GOAL OF THE EXERCISE:
Print the listing below only from the line that has "Divulgação Pág. 3" through the line that has "Figura 3 – Diferencial de Pressão", exactly, and drop any picture.

DATA EXTRACTS:

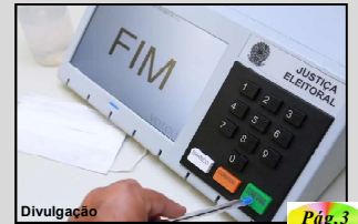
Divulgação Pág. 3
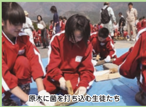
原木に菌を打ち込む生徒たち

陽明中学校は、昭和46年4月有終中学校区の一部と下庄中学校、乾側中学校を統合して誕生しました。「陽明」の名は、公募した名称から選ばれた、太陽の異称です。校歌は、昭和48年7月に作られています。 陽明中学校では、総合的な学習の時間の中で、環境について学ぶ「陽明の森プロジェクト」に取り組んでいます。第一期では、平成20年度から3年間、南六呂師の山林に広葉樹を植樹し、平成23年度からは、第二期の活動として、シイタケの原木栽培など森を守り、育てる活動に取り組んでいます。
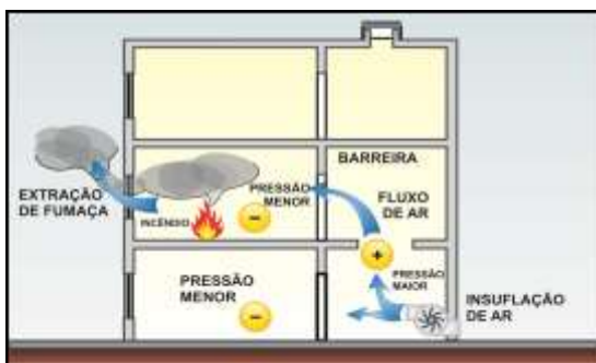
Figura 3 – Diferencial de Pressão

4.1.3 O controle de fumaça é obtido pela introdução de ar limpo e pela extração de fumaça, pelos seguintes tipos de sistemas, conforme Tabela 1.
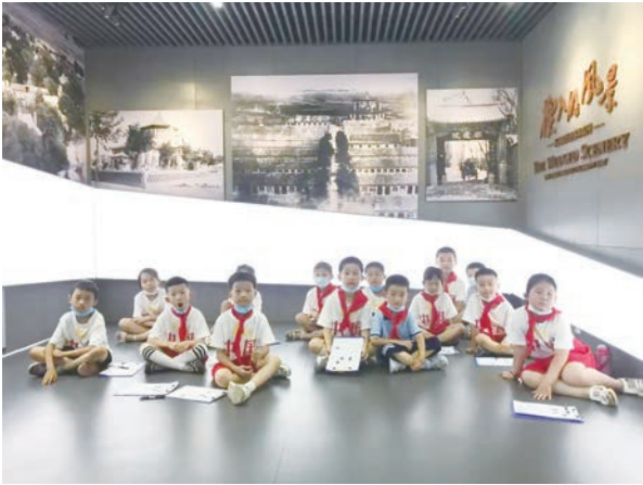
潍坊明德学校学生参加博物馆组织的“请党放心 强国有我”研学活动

==

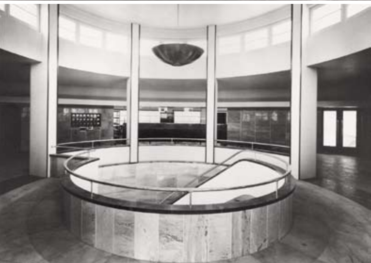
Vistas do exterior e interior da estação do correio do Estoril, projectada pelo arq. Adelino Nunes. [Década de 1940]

...

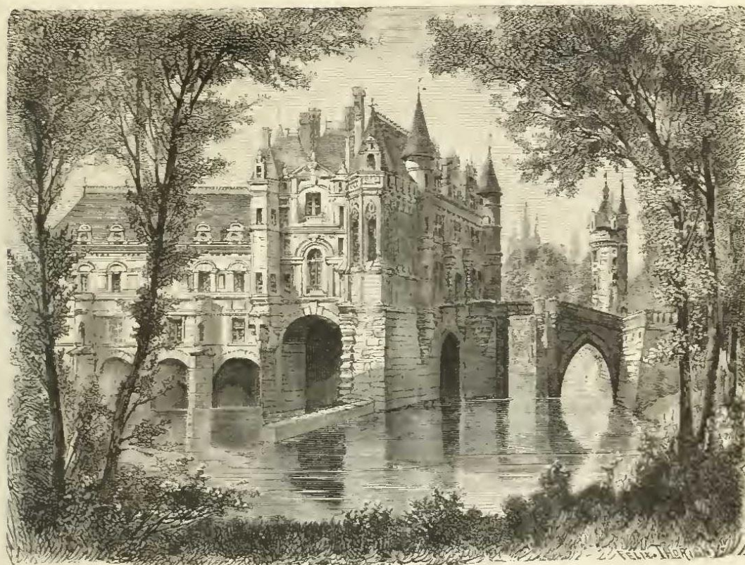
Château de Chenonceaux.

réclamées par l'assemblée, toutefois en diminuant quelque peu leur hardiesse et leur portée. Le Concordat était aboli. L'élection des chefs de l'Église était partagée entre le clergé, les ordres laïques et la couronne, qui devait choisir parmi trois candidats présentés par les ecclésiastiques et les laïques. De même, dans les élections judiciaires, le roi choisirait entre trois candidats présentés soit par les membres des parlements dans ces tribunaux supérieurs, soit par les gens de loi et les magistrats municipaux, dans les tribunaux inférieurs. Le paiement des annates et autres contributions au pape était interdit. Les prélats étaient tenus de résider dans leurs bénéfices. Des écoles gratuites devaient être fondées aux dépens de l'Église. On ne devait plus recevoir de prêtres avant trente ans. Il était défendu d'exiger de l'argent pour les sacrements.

EXERCISE RESPONSE:
Divulgação Pág. 3
原木に菌を打ち込む生徒たち

陽明中学校は、昭和46年4月有終中学校区の一部と下庄中学校、乾側中学校を統合して誕生しました。「陽明」の名は、公募した名称から選ばれた、太陽の異称です。校歌は、昭和48年7月に作られています。 陽明中学校では、総合的な学習の時間の中で、環境について学ぶ「陽明の森プロジェクト」に取り組んでいます。第一期では、平成20年度から3年間、南六呂師の山林に広葉樹を植樹し、平成23年度からは、第二期の活動として、シイタケの原木栽培など森を守り、育てる活動に取り組んでいます。
Figura 3 – Diferencial de Pressão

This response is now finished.